▶ **Records to use**

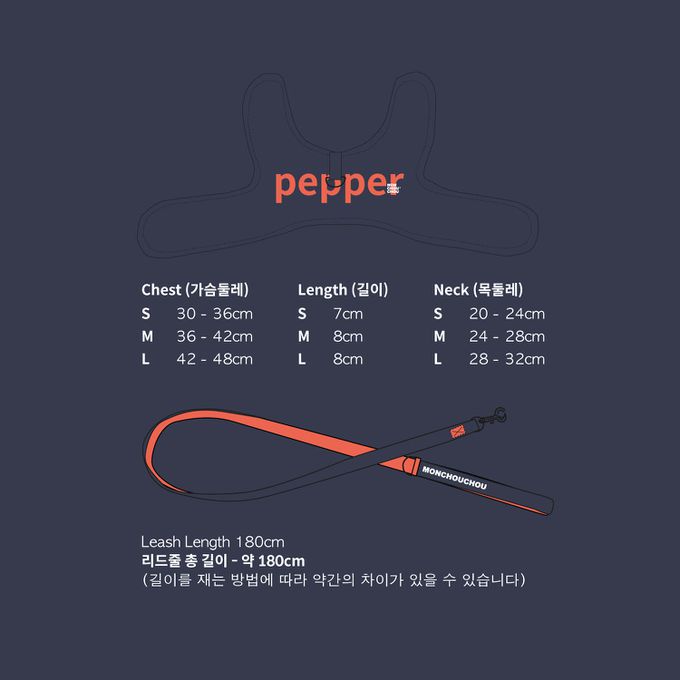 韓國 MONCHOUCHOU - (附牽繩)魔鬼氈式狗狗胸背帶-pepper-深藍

* * *

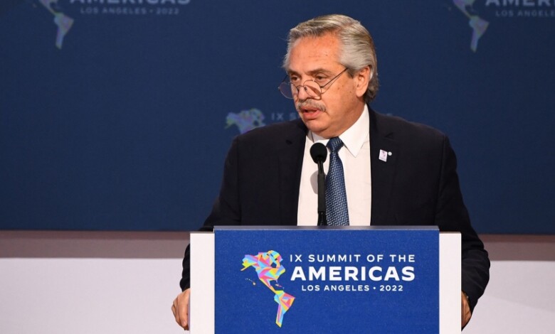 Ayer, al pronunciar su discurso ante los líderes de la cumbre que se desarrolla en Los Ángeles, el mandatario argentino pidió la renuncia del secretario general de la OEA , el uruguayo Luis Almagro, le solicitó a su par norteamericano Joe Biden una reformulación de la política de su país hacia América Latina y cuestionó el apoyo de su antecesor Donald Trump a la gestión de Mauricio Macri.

==

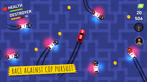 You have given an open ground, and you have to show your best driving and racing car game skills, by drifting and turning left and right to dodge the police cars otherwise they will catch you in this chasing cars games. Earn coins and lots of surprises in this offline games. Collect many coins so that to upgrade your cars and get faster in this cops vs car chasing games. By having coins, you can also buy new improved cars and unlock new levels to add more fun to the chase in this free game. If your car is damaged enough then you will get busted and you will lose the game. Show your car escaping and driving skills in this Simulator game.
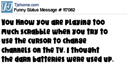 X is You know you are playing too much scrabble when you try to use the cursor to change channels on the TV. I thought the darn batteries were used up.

▶ **Instructions for the task**
Your copy should hold only the lines above from the one containing "You have given" through the one containing "X is You know", exactly as written and free of pictures.

▶ **Solution**
 You have given an open ground, and you have to show your best driving and racing car game skills, by drifting and turning left and right to dodge the police cars otherwise they will catch you in this chasing cars games. Earn coins and lots of surprises in this offline games. Collect many coins so that to upgrade your cars and get faster in this cops vs car chasing games. By having coins, you can also buy new improved cars and unlock new levels to add more fun to the chase in this free game. If your car is damaged enough then you will get busted and you will lose the game. Show your car escaping and driving skills in this Simulator game.
 X is You know you are playing too much scrabble when you try to use the cursor to change channels on the TV. I thought the darn batteries were used up.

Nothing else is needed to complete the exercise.